NAB Show

NAB Show

Session.

Performance Optimization of SMPTE 2110 Applications on COTS Hardware, with Network & JPEG XS Offloading to DPUs

Tuesday, April 21 | 10:40 – 11 p.m.

Broadcast Engineering and IT Conference

As media workflows migrate to software-defined frameworks running on common-off-the-shelf (COTS) hardware, with network-based media essence data exchange, applications executing in this environment can suffer performance and compliance issues due to CPU and/or GPU overloading.
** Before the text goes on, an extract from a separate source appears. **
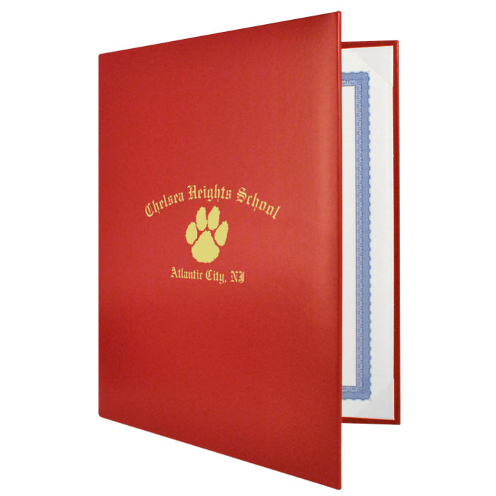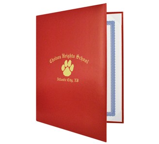 These padded diploma covers feature a lightly textured leatherette surface and your logo and/or wording foil stamped on the cover. Holds one 8.5" x 11" document vertically or horizontally. Minimum order is 50. Maximum imprint size is 3" x 5". Cover colors may be combined for quantity discounts. A $50 die charge applies to first order. Shipped within 6 business days. First order takes one extra week for die production. If using a custom logo please remember to upload your artwork at www.jonesawards.com and reference your order number.

In such cases, applications can benefit from more manageable host resources usage by offloading operations to dedicated Data Processing Units (DPUs) and smart Network Interface Cards (NICs). Dedicated DPUs and smart NICs implement the complete network stack in dedicated hardware and utilize kernel bypass to perform network communication without impacting host system operations.  DPUs contain additional general purpose processing cores that can be utilized for various types of network stream processing such as encryption or media essence transcoding – one example being JPEG XS.
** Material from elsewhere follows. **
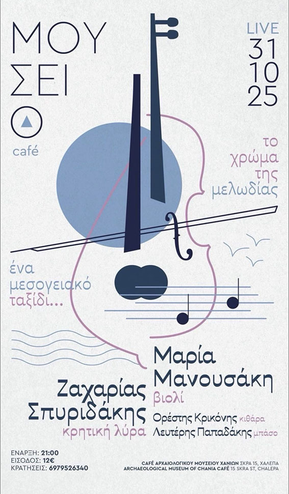 Το μοναδικό ακουστικό περιβάλλον του Καφέ του Αρχαιολογικού Μουσείου Χανίων προσφέρει το ιδανικό σκηνικό για έναν διαπολιτισμικό μουσικό διάλογο, που θα λάβει χώρα την
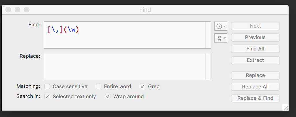 Find: (\,)(\w)

In Broadcast, an example of offloading is to implement the SMPTE ST 2110 stack on the DPUs.  The DPUs can reasonably support one video stream: uncompressed streams have significant data rates and thus put significant loads on the DPU cores and memory bandwidth. On the other hand, compressed JPEG XS streams lower the data rates, and thus reduce the overall load on the DPU.  This enables a higher stream density, with no compromise on latency, image quality, and lowers power consumption compared to uncompressed video. Thus, JPEG XS in SMPTE 2110 (ST 2110-22) is fully designed to replace uncompressed video at ~10% of the bandwidth. It is a very platform flexible CODEC that can be implemented in hardware or as lightweight parallelizable software.  

The migration of network transmit and receive operations as well as the JPEG XS transcoding operations to a DPU introduces a reduction in the host CPU usage, freeing more cycles for application functions.  Direct Memory Access (DMA) transfers between the DPU and GPU eliminate PCIE bus transactions to and from the host memory that can introduce system jitter.  While JPEG XS processing could be performed on the GPU to offload the CPU, moving it to the DPU cores leaves 100% of the GPU processing capabilities for media and AI functions. Moreover, the introduction of JPEG XS transcoding reduces the network bandwidth, allowing for more efficient network usage. 

This paper will compare the tradeoffs and system performance impacts of using DPUs for media transcode and network functions. It will then demonstrate results for real-world industry use cases in media production.